Goal of the exercise: Word for word and without images, reproduce the listing that follows.

Information provided:
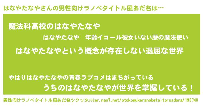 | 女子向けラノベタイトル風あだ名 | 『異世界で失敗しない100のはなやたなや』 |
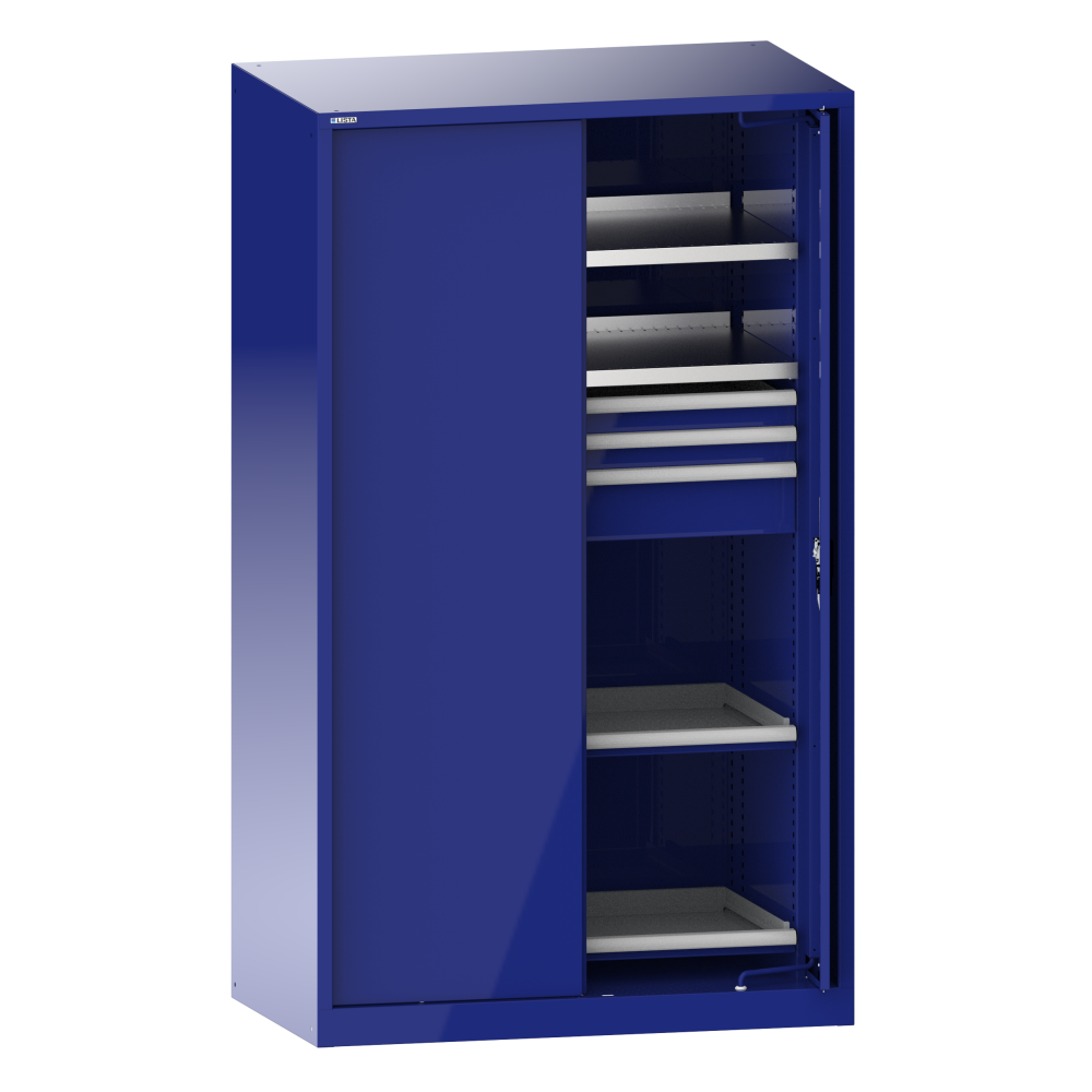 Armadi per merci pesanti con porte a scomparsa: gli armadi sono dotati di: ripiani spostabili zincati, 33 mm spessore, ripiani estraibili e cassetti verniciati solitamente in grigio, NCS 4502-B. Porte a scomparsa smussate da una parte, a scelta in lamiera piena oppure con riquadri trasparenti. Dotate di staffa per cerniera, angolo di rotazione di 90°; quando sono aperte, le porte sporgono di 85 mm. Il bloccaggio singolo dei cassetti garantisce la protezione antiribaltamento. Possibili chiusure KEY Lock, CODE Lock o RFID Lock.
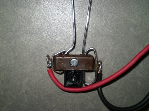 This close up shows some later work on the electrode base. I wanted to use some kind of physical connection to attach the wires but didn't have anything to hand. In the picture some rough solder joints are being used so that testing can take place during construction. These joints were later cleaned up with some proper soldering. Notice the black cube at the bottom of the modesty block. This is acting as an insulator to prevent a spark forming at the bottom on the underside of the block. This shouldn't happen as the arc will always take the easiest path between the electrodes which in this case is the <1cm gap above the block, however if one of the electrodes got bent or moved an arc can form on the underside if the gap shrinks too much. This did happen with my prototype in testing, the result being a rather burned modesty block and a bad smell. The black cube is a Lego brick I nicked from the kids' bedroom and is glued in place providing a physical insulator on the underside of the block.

Exercise solution:
 | 女子向けラノベタイトル風あだ名 | 『異世界で失敗しない100のはなやたなや』 |
 Armadi per merci pesanti con porte a scomparsa: gli armadi sono dotati di: ripiani spostabili zincati, 33 mm spessore, ripiani estraibili e cassetti verniciati solitamente in grigio, NCS 4502-B. Porte a scomparsa smussate da una parte, a scelta in lamiera piena oppure con riquadri trasparenti. Dotate di staffa per cerniera, angolo di rotazione di 90°; quando sono aperte, le porte sporgono di 85 mm. Il bloccaggio singolo dei cassetti garantisce la protezione antiribaltamento. Possibili chiusure KEY Lock, CODE Lock o RFID Lock.
 This close up shows some later work on the electrode base. I wanted to use some kind of physical connection to attach the wires but didn't have anything to hand. In the picture some rough solder joints are being used so that testing can take place during construction. These joints were later cleaned up with some proper soldering. Notice the black cube at the bottom of the modesty block. This is acting as an insulator to prevent a spark forming at the bottom on the underside of the block. This shouldn't happen as the arc will always take the easiest path between the electrodes which in this case is the <1cm gap above the block, however if one of the electrodes got bent or moved an arc can form on the underside if the gap shrinks too much. This did happen with my prototype in testing, the result being a rather burned modesty block and a bad smell. The black cube is a Lego brick I nicked from the kids' bedroom and is glued in place providing a physical insulator on the underside of the block.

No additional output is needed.